The dataset used in this project contains only loans that were approved by LendingClub. This means that any predictive probabilities produced by the logistic regression model are interpreted as on the condition that they were approved. The model is estimating $P(Default | X\cap Approved)$, rather than the true population probability $P(Default | X)$.  

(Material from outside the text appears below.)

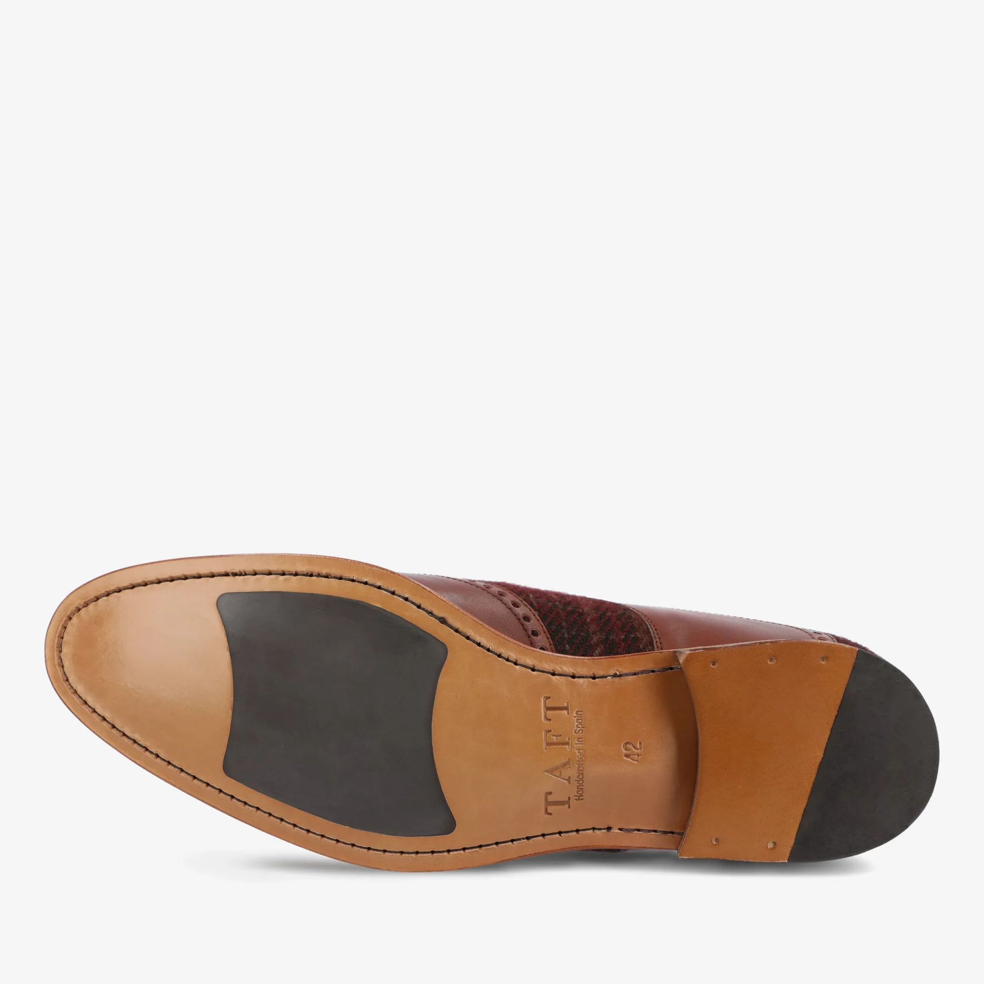 - Upper: Chocolate Full-Grain Calfskin & Red Tartan Plaid Wool

Furthermore, LendingClub's approval filter may distort or obscure the relationships between a factor and the outcome. For example, it's possible LC rejects any applicant with a FICO score below a certain threshold, and so this may result in underestimating the effect of FICO score on probability of rejection, since we're only seeing people with decent FICO scores. To explain further: let's say that in the dataset we have access to, FICO score carries only a moderate weight. This is very plausible since to get approved by LC, you must at least have a decent FICO score, so there won't be a huge variety of scores, and so it's not much of an indicator of default. But if you're using this model to decide whether to approve the loan of some applicant, and they have a very low FICO score, but it's only weighted moderately in the decision, then they might get approved when they should not have.  
Lastly, coefficients cannot be treated as population-wide truths, since as mentioned above, different factors may carry different weights in different subsets of the population. For example, in the subset of the population with decent FICO scores (which the dataset is likely to be), differences in FICO score become less important as the variance is lower than is natural, and perhaps in this subset of the population DTI becomes more important as an indicator of default, even though in the general population it makes only a marginal difference. And in the general population, where we haven't filtered for good FICO scores, FICO score may be a stronger indicator.